Information
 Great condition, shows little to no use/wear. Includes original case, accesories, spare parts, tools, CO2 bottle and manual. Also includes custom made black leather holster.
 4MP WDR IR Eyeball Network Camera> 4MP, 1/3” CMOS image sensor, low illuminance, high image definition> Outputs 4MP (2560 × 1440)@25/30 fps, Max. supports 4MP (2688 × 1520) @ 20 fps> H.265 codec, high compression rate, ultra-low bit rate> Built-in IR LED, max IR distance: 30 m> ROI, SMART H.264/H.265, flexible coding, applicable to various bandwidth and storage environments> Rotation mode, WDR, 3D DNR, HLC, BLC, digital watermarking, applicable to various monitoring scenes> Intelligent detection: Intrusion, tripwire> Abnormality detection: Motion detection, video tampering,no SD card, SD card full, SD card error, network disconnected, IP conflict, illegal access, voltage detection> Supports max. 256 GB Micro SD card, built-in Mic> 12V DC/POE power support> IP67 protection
--
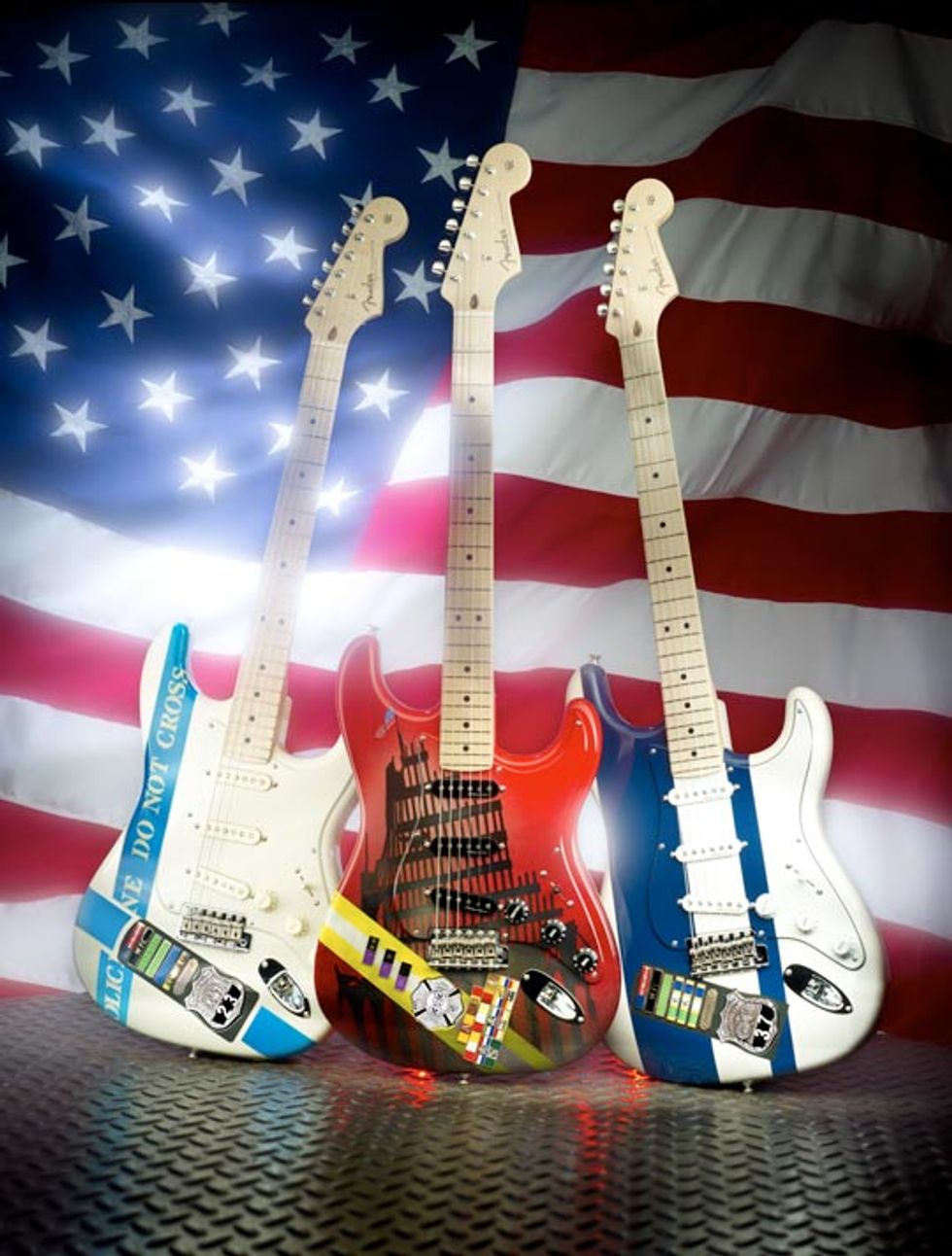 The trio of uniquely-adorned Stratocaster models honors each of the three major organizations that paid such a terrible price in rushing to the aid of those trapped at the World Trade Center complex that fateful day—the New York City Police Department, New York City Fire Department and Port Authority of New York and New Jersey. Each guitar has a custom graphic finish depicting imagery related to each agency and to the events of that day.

Task directions
In the entries above, please find the line with "Great condition, shows" and the line with "4MP WDR IR Eyeball", then write out exactly those two lines and every line between them, and nothing more.

Written answer
 Great condition, shows little to no use/wear. Includes original case, accesories, spare parts, tools, CO2 bottle and manual. Also includes custom made black leather holster.
 4MP WDR IR Eyeball Network Camera> 4MP, 1/3” CMOS image sensor, low illuminance, high image definition> Outputs 4MP (2560 × 1440)@25/30 fps, Max. supports 4MP (2688 × 1520) @ 20 fps> H.265 codec, high compression rate, ultra-low bit rate> Built-in IR LED, max IR distance: 30 m> ROI, SMART H.264/H.265, flexible coding, applicable to various bandwidth and storage environments> Rotation mode, WDR, 3D DNR, HLC, BLC, digital watermarking, applicable to various monitoring scenes> Intelligent detection: Intrusion, tripwire> Abnormality detection: Motion detection, video tampering,no SD card, SD card full, SD card error, network disconnected, IP conflict, illegal access, voltage detection> Supports max. 256 GB Micro SD card, built-in Mic> 12V DC/POE power support> IP67 protection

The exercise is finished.